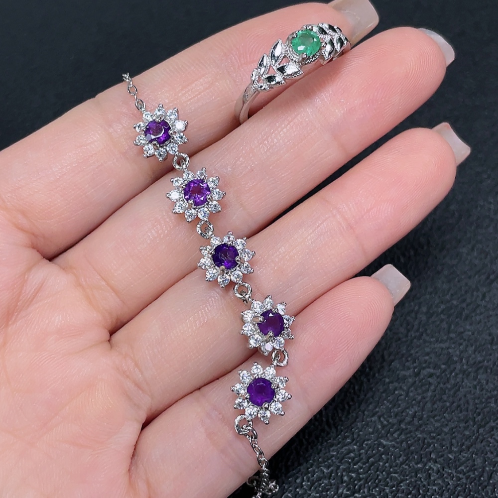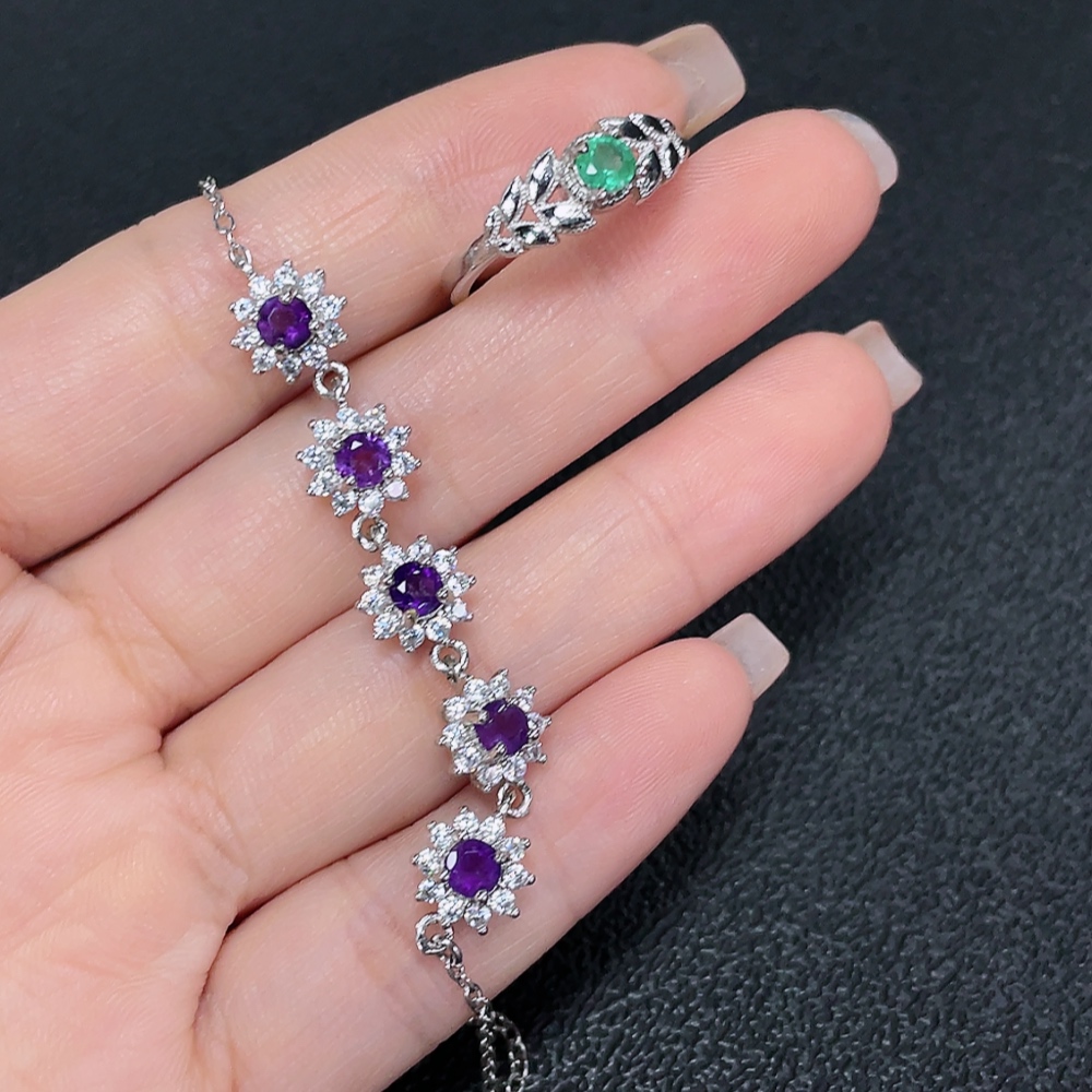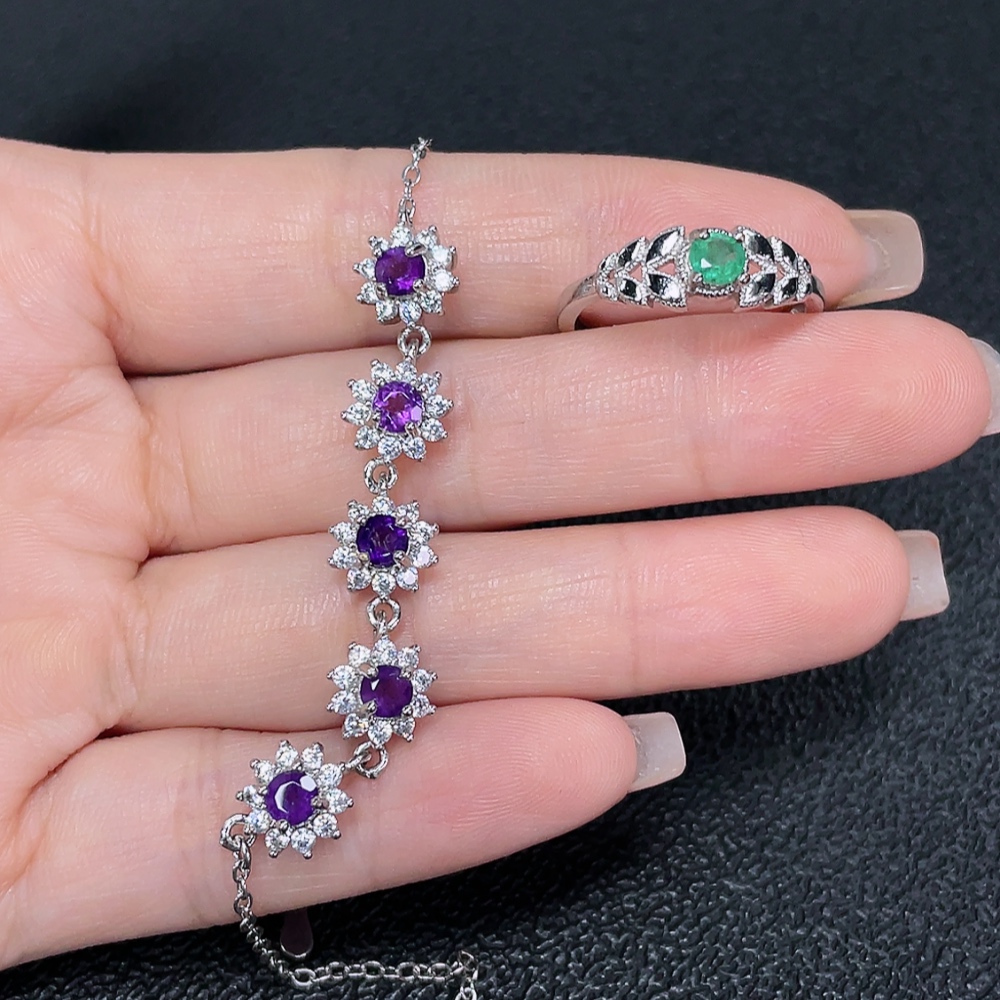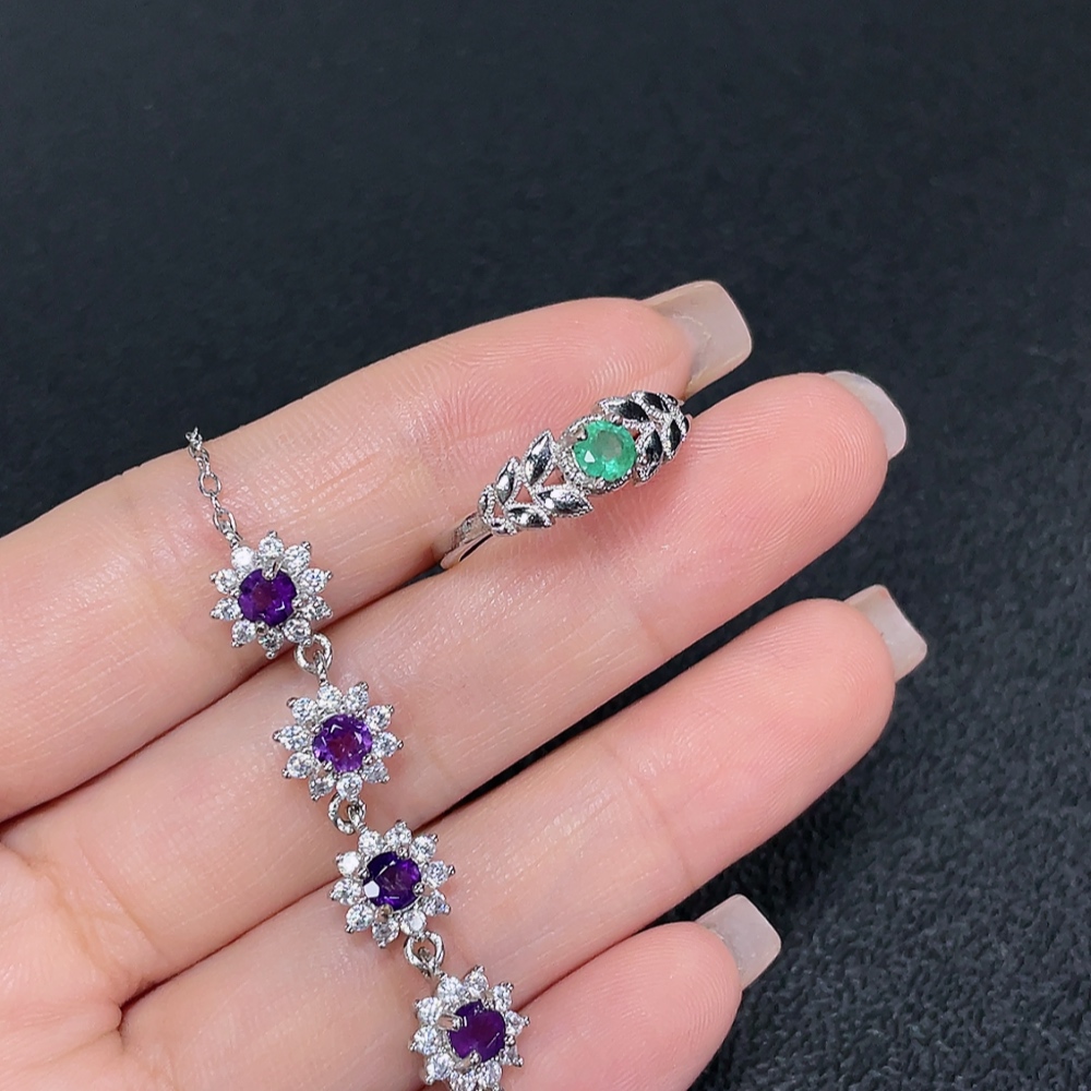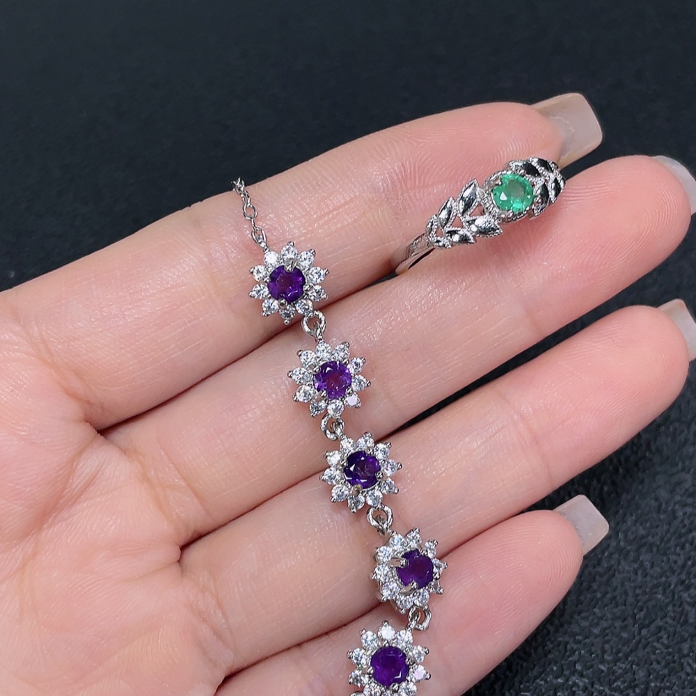 Emerald Ring Clarity Enhanced + Crystal Bracelet Non-Gold Total Weight Approx. 6.25g Sell as a Lot
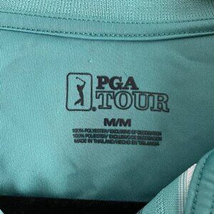PGA Tour Men Sz M Teal Striped S/Sleeve Collared 3 Button Casual Polo Golf Shirt
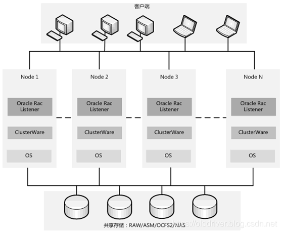 2.集群件(CRS) 集群件是安装在操作系统之上的一个特殊软件,负责管理整个集群环境中的硬件资源,并为上层的RAC集群提供基础服务。它与上层应用(例如数据库)的关系类似于单机环境中操作系统和应用程序的关系。单机环境下,OS能代理应用程序对硬件访问,但是在集群中有多台计算机,把整个集群想象成一台虚拟的计算机,那集群件就是这台虚拟计算机上的操作系统,RAC是运行在它上面的一个应用程序。

■ **What the task requires**:
Would you restate the listing word for word and leave every picture out?

■ **Your solution**:
 Emerald Ring Clarity Enhanced + Crystal Bracelet Non-Gold Total Weight Approx. 6.25g Sell as a Lot
PGA Tour Men Sz M Teal Striped S/Sleeve Collared 3 Button Casual Polo Golf Shirt
 2.集群件(CRS) 集群件是安装在操作系统之上的一个特殊软件,负责管理整个集群环境中的硬件资源,并为上层的RAC集群提供基础服务。它与上层应用(例如数据库)的关系类似于单机环境中操作系统和应用程序的关系。单机环境下,OS能代理应用程序对硬件访问,但是在集群中有多台计算机,把整个集群想象成一台虚拟的计算机,那集群件就是这台虚拟计算机上的操作系统,RAC是运行在它上面的一个应用程序。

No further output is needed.